No doubt a measure of narcissism lies behind many a donor portrait—perhaps the same amount that inspires the hundreds of millions of people who, having now the means and the technology, photograph and document every aspect of their daily lives and expose it all on the Internet. There is an undying human desire for validation, “proof” that we are alive, that can be satisfied by seeing images of ourselves—and having others see them too. We especially like to wrap ourselves in the glamour of a special event or place by displaying ourselves with it as a backdrop: Who would not like to have been present at the Nativity?
Sic Transit Gloria Mundi
The inherent anachronism of Rolin at the Nativity is less about inserting him (or any donor) into the past, however, and more about bringing the past into his present—and ours as well. Donors might be flattered by associating with spiritual superstars, but all Christians need reminders of where their faith comes from and examples of how they should live. A donor portrait set up in a church ought to be viewed as a public example of virtuous behavior, offered for our instruction and imitation. It is an appeal, a challenge, to us to exercise our own charity, to make the God of all time present in our lives, and it is a sign of hope for anyone despairing of mercy, if even possibly notorious sinners can be received by Mary and her Son.
That charity ought to extend to the donors themselves, who often stipulated that their name be commemorated, and their soul prayed for—in perpetuity—by the beneficiaries of their largesse. Catholics routinely pray for the poor souls in purgatory, but is it possible to look on the unfamiliar face of Jean Rolin from 500 years’ distance and see not a remote historical figure, but a real person whose soul we can or should pray for (even if the only benefit we have received from him is the sight of this painting)?
If donor portraits prove nothing else, it is that worldly fame and fortune are passing things. In most cases, whatever notoriety these worthy benefactors had in their day is long gone, their names worth at best a shrug of the shoulders from most of us. Their likenesses hang in churches and museums, immortalized and forgotten, their blank expressions mirrored by our own.
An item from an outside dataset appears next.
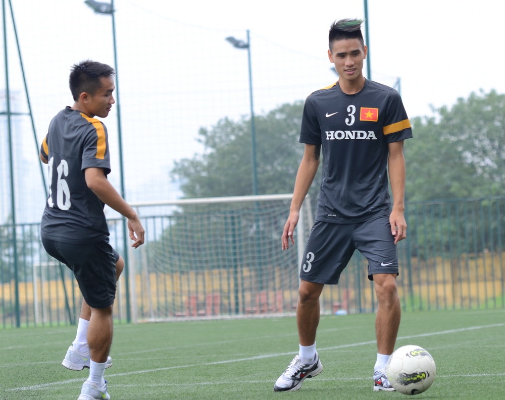 | Trung vệ Dương Thanh Hào đang gặp chấn thương bắp chân sau trận chung kết BTV Cup nên chỉ tập riêng để phục hồi. |

Even the artist may suffer a similar fate. Since at least the Greek vase-makers, artists have signed their works, as much to serve as a seal of authenticity as from a desire that their name be preserved—but there is no guarantee of success.
It was only recently that Jean Hey’s name was linked with this and a small body of other masterworks which had long been ascribed to a certain “Master of Moulins”; even with the identification, Hey remains an indistinct figure. Perhaps that is as he wished it, though one contemporary record calls Hey a pictor egregious—“a famous painter.” Yet many artists pointedly don’t sign their works: The anonymous laborers who built the cathedrals intended another kind of example when they inscribed the words of Psalm 113 (115) on their constructions: “Not to us, O Lord, not to us, but to thy Name give glory.”
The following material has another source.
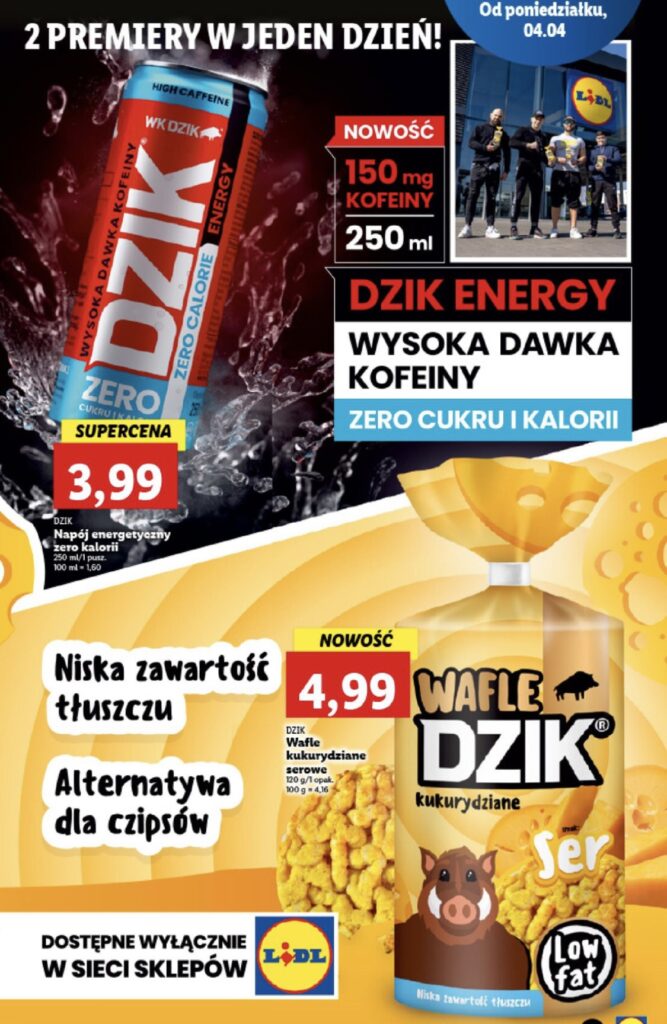 4 kwietnia w sklepach Lidl miała miejsce premiera dwóch nowości od WK DZIK: wafli kukurydzianych o smaku serowym oraz napoju energetycznym DZIK ENERGY w wersji 250 ml

The donor portrait really only makes sense in a thoroughly Christian or religious society. There is a reason the genre faded in the early modern era, pushed aside by the secular portrait pure and simple. It is difficult to imagine a contemporary revival: What present-day political figure or celebrity can we envision kneeling in the place of the cardinal without the effect being offensively or laughably self-aggrandizing or patently ironic? But that may be the very reason we should not neglect the donor portrait or its message: It remains a potent reminder of our continuing obligation to aspire to virtue and lead the world back to faith.